Lord led off for the first-years and French batted cleanup. Classmate C.W. Messenger of Bangor — who would also become a major leaguer — batted fifth. Each had one hit in five at-bats. “The freshmen have some promising material,” The Bates Student observed.
From there, the talented first-year trio turned to football. On Sept. 24, the season opened on Garcelon Field with a 6-0 win over New Hampshire State. On a team of 30, Messenger subbed in at right halfback. Lord and French did not play.
Holy Cross was next. Coming off an 8-2 season, “Holy Cross ranks with Harvard and Yale and is the strongest team that ever came to Maine,” The Lewiston Daily Sun front page declared.
The Crusaders also featured a Maine connection and future Major Leaguer, first-year halfback Bill Carrigan, a Lewiston native who would play 10 seasons for the Red Sox and manage two teams to World Series championships.
But Bates, with 159-pound Lord and 148-pound Messenger starting in the backfield, outrushed heavily favored Holy Cross 125 to 95 yards — but with a costly miscue.
“Had it not been for a fumble by Bates…touchdown undoubtedly would have been scored,” The Boston Globe reported. Messenger was the culprit. The final score was 0-0.
Next up was Harvard, coming off a 9-3 season, including a 23-0 rout of Bates.
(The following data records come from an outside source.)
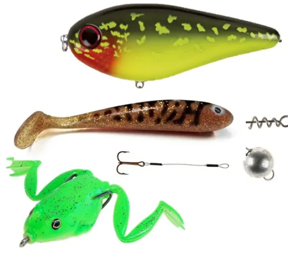 Paketti, jossa kolme huippu-uistinta hauelle. Guide on helposti kalastettava ja hitaasti uppoava jerkbait. Voidaan kalastaa perinteisen jerkbaitin tapaan, mutta se toimii myös hyvin nopeasti tai hitaasti vetämällä. Sammakko syötti, joka on uskomattoman tehokas hauen kalastukseen. Sammakon vartalon sisällä olevan piilokoukun ansiosta syötti ei tartu ruokoon ja muuhun kasvillisuuteen. Lisäksi kalssinen jigi "The Demon"
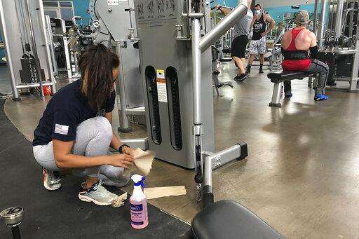 Sterling Henderson, 27, cleans gym equipment at Bodyplex Fitness Adventure on Friday, April 24, 2020, in Grayson, Ga. Gov. Brian Kemp announced this week the resumption of elective medical procedures, as well as the reopening of certain close-contact businesses like gyms, barbershops and tattoo parlors that were closed due to coronavirus concerns. Henderson said she was "ecstatic" the gym had reopened. "I think they're doing a pretty good job of keeping everyone apart and cleaning. And there's not that many people here now, said Henderson.". (AP Photo/Sudhin Thanawala)
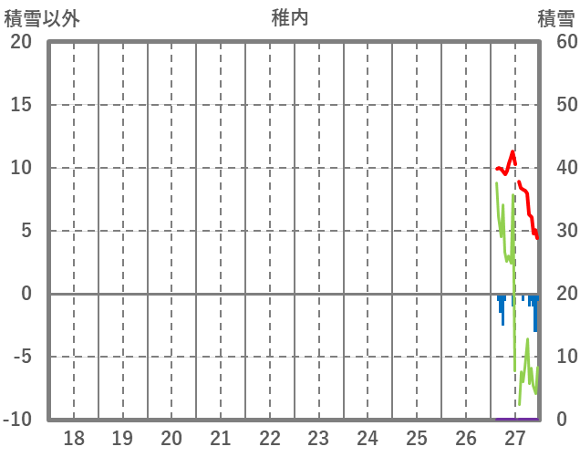 | 日 | 時 | 気温 | 降水 | 風向/風速 | 日照 | 積雪 | 降雪 |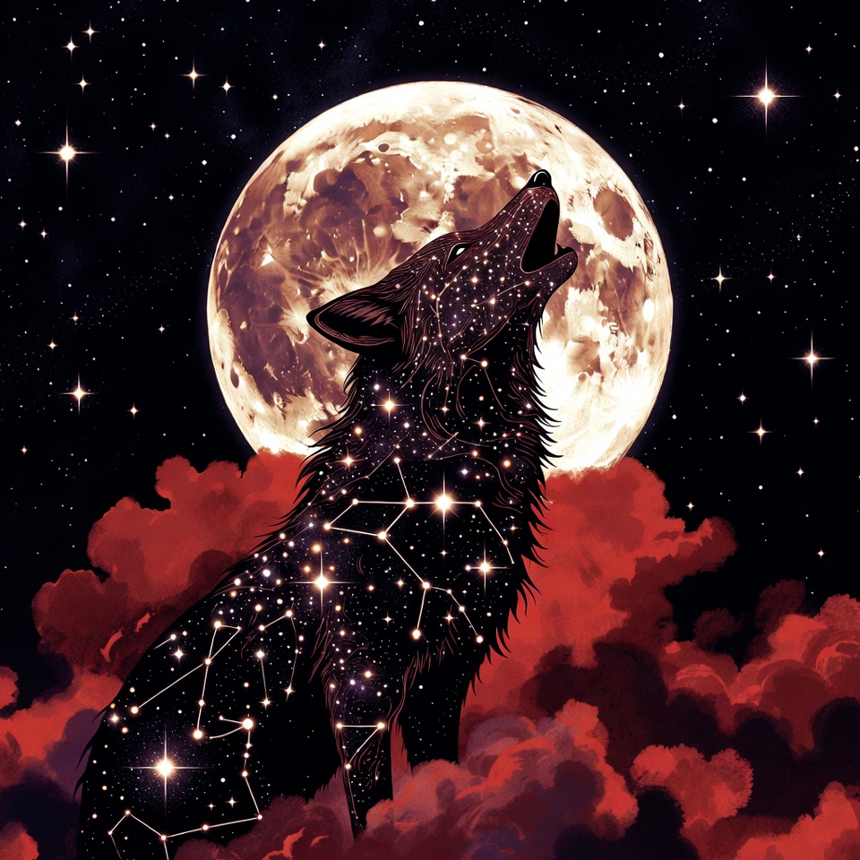 A wolf howls against a full moon surrounded by clouds and stars in a nighttime scene. The wolf's fur shows constellations in the sky.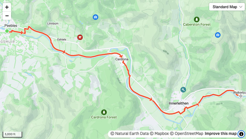A 9 mile long bike path on the old Tweed Valley Railway line. A great place for easy runs and fast runs in a quiet and scenic part of the country. The elevation given will be slightly worse on the way back as the plotted route is down river but there are no hills so it won’t be significant.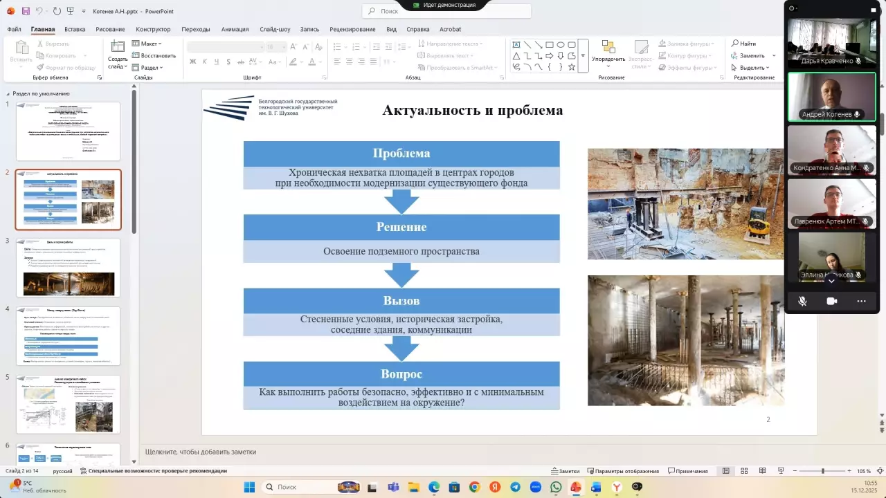 15 декабря 2025 состоялись предварительные защиты выпускных квалификационных работ студентов магистратуры, обучающихся по профилям «Техническая эксплуатация и реконструкция объектов жилищно-коммунального хозяйства», «Технологии, организация и информационное моделирование строительства».
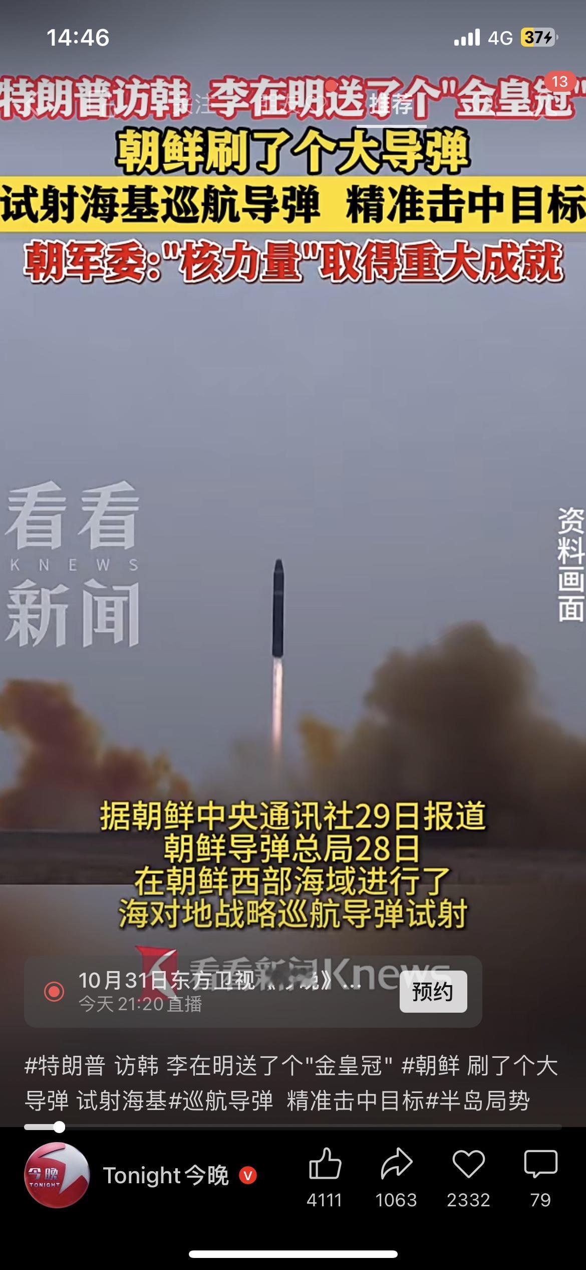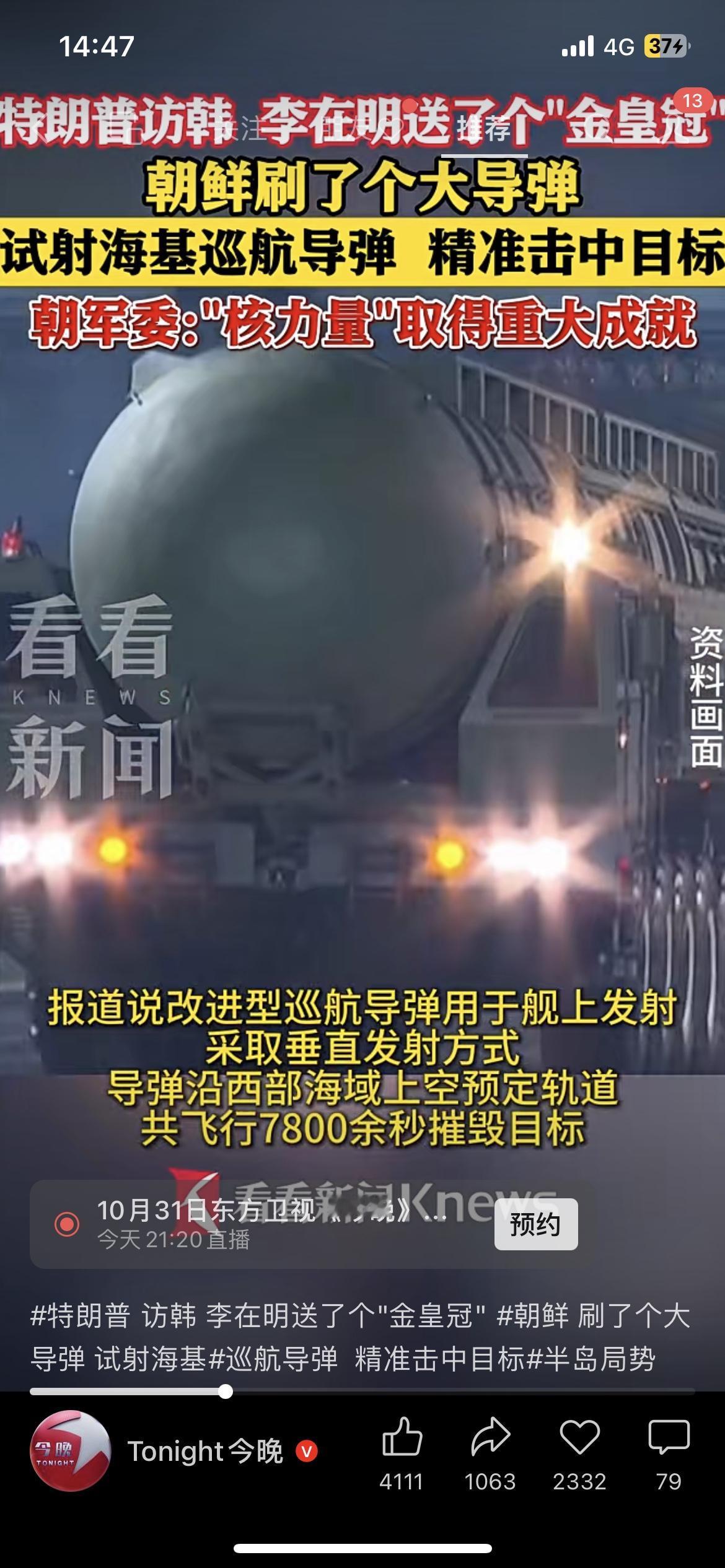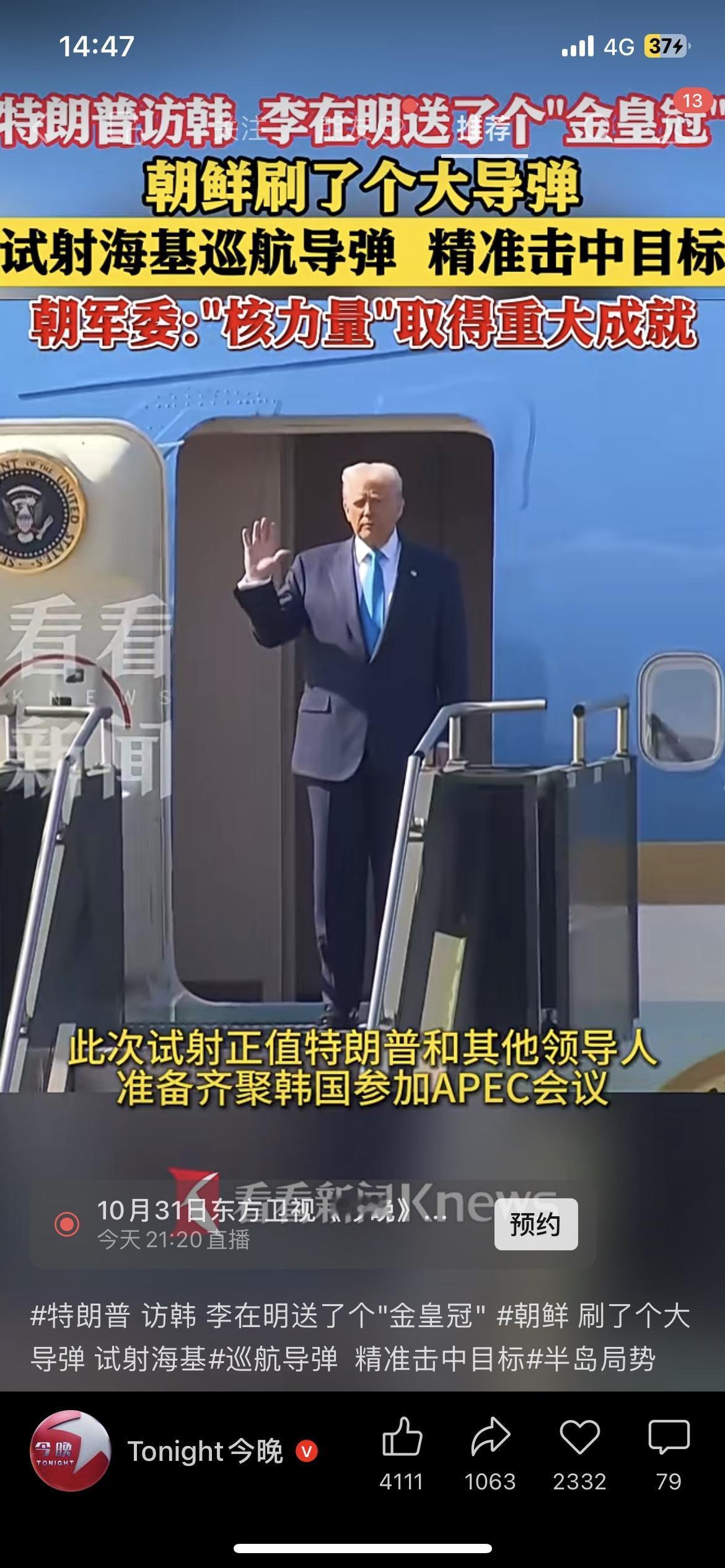 特朗普刚到韩国!朝鲜就射导弹 刚刷到这事儿我直接看愣了!特朗普刚落地韩国参加APEC,朝鲜反手就试射海基巡航导弹——飞了7800秒,精准砸中目标! 这边李在明还捧着“金皇冠”迎接,那边朝鲜直接官宣“核力量大成就”,这巴掌扇得也太狠了…这是故意给特朗普下马威?朝鲜防空导弹 特朗普怒怼韩国

After Messenger’s fumble, head coach Royce Purinton, Class of 1900, shifted him to left end, making Lord the workhorse in an era when the forward pass was not yet legal.
In a downpour at Soldiers Field, Bates took the opening kickoff and drove for four first downs before Lord fumbled. But Bates held, and drove again. “The whole Bates team was with Lord who was pulled along for six yards,” the Globe wrote.
Eventually, Harvard prevailed 11-0 (at the time, touchdowns and extra points were five and one points, respectively). But Bates, whose heaviest man weighed 188 pounds, earned respect. “Harvard had a heavier line and backs and yet Bates was able to gain at will through Harvard’s line,” the Boston Herald wrote.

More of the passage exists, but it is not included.